Using TensorFlow backend.

# Common paths
tasks = ['Oct4', 'Sox2', 'Nanog', 'Klf4']

sdir = Path('/oak/stanford/groups/akundaje/avsec/basepair/data/processed/comparison/output/')

model_dir = sdir / 'nexus,peaks,OSNK,0,10,1,FALSE,same,0.5,64,25,0.004,9,FALSE,[1,50],TRUE'

# create_tf_session(0)

%matplotlib inline
%config InlineBackend.figure_format = 'retina'
from uuid import uuid4
from basepair.math import mean
from basepair.stats import perc

from IPython.display import display, HTML
from basepair.plot.vdom import df2html, df2html_old, render_datatable, vdom_footprint
from basepair.plot.utils import strip_axis
from basepair.plot.tracks import tidy_motif_plot
from basepair.modisco.core import patterns_to_df
from basepair.modisco.utils import longer_pattern, shorten_pattern, extract_name_short
from basepair.imports import *

paper_config()

Load patterns from each task¶

add the annotation where they came from

# mr = ModiscoResult(modisco_dirs / tf / "modisco.h5")
# mr.open()

patterns = []
def rename(p, tf):
    p = p.copy()
    p.name = tf + "_" + shorten_pattern(p.name).split("_")[1]
    return p
for tf in tasks:
    mr = ModiscoResult(model_dir /f"deeplift/{tf}/out/profile/wn/modisco.h5")
    mr.open()
    patterns = patterns + [rename(mr.get_pattern(p), tf).add_attr("features", 
                                                                  {"n seqlets": mr.n_seqlets(*p.split("/"))}) 
                           for p in mr.patterns()]
    mr.close()

patterns = [p for p in patterns if p.attrs['features']['n seqlets'] > 100] # require 100 seqlets at least

get the affinity matrix¶

similarity_metric = 'continousjaccard'  # or 'continousjaccard'
track = 'seq_ic'

from basepair.exp.chipnexus.motif_clustering import similarity_matrix
sim_all_seq = similarity_matrix(patterns, track=track, metric=similarity_metric)

100%|██████████| 49/49 [00:10<00:00,  4.71it/s]

from basepair.modisco.core import *

fig = plt.figure(figsize=get_figsize(0.25))
iu_all = np.triu_indices(len(sim_all_seq), 1)
plt.hist(sim_all_seq[iu_all], bins=100);
plt.title("Similarity (seq_ic)")
plt.ylabel("Frequency");
plt.xlabel("Similarity between two motifs (all)");
# plt.savefig(f"{figures}/all.similarity.hist.pdf")
# plt.savefig(f"{figures}/all.similarity.hist.png")

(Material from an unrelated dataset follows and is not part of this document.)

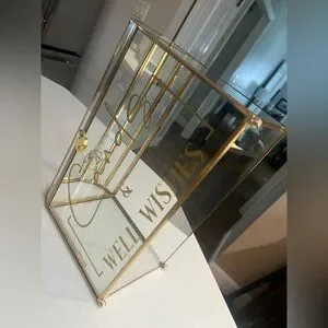 Elegant glass card box with gold accents. Features a lock and 'Cards & Well Wishes' text. The text part is removable. It’s a decal if needed.
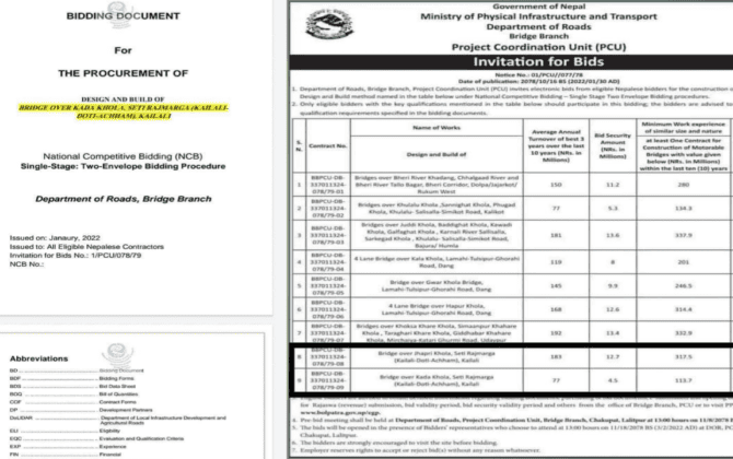 बौनियाँ, कैलाली-सेती लोक मार्ग अन्तर्गत पर्ने कैलालीको काँडा खोला र झाप्री खोलामा पक्की पुल निर्माण हुने भएको छ । जिल्लाको बर्दगोरिया गाउँपालिका वडा नम्बर ३ मा पर्ने काँडा खोला र मोहन्याल गाउँपालिकाको वडा नम्बर

from scipy.cluster.hierarchy import linkage, optimal_leaf_ordering, cut_tree, leaves_list
from basepair.modisco.motif_clustering import to_colors

cluster them¶

iu_all = np.triu_indices(len(sim_all_seq), 1)
lm_all_seq = linkage(1-sim_all_seq[iu_all], 'ward', optimal_ordering=True)
clusters_all_seq = cut_tree(lm_all_seq, n_clusters=9)[:,0]
names = [x.name for x in patterns]
cm_all = sns.clustermap(pd.DataFrame(sim_all_seq, index=names, columns=names),
                        row_linkage=lm_all_seq,
                        col_linkage=lm_all_seq,
                        cmap='Blues',
                        yticklabels=True,
                        figsize=get_figsize(1, aspect=1)
                       ).fig.suptitle('Seq IC sim');
# plt.savefig(f"{figures}/all.heatmap.pdf")
# plt.savefig(f"{figures}/all.heatmap.png")

Align motifs¶

from basepair.modisco.motif_clustering import create_pattern_table, align_clustered_patterns
np.random.seed(42)
cluster_order = np.argsort(leaves_list(lm_all_seq))
cluster = clusters_all_seq

patterns_all_clustered = align_clustered_patterns(patterns, cluster_order, cluster, 
                                                 align_track='seq_ic',
                                                 metric='continousjaccard',
                                                 # don't shit the major patterns 
                                                 # by more than 15 when aligning 
                                                 trials=20,
                                                 max_shift=15)

100%|██████████| 49/49 [00:00<00:00, 174.10it/s]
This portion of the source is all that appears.